**Given data**
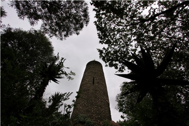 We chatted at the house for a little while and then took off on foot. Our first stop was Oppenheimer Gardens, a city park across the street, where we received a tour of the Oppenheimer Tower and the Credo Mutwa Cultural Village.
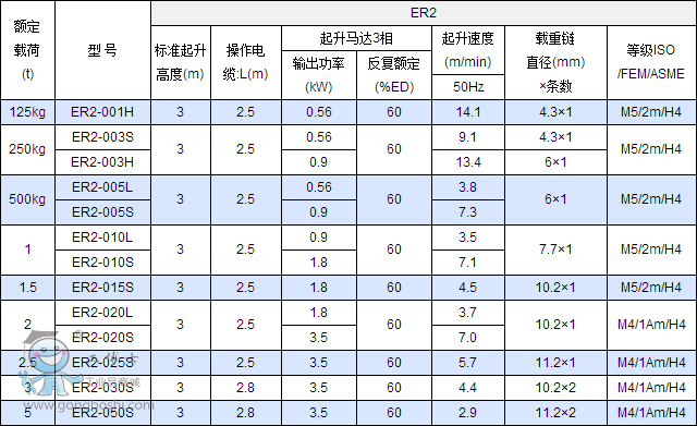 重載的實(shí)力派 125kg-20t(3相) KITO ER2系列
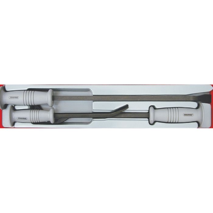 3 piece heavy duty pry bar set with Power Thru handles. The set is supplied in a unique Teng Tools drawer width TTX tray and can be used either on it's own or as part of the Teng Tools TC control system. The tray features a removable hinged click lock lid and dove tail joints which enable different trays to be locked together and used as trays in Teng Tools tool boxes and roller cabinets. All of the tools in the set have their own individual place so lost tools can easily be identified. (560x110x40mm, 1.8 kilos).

---

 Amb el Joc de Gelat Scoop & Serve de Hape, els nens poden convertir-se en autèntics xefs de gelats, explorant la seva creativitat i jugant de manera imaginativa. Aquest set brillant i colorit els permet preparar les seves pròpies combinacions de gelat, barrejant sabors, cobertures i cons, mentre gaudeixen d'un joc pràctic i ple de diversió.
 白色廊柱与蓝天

**Requirement**
Write out the lines above from the one with "We chatted at" through the one with "3 piece heavy", ends included, exactly; no picture goes in.

**Result for this exercise**
 We chatted at the house for a little while and then took off on foot. Our first stop was Oppenheimer Gardens, a city park across the street, where we received a tour of the Oppenheimer Tower and the Credo Mutwa Cultural Village.
 重載的實(shí)力派 125kg-20t(3相) KITO ER2系列
 3 piece heavy duty pry bar set with Power Thru handles. The set is supplied in a unique Teng Tools drawer width TTX tray and can be used either on it's own or as part of the Teng Tools TC control system. The tray features a removable hinged click lock lid and dove tail joints which enable different trays to be locked together and used as trays in Teng Tools tool boxes and roller cabinets. All of the tools in the set have their own individual place so lost tools can easily be identified. (560x110x40mm, 1.8 kilos).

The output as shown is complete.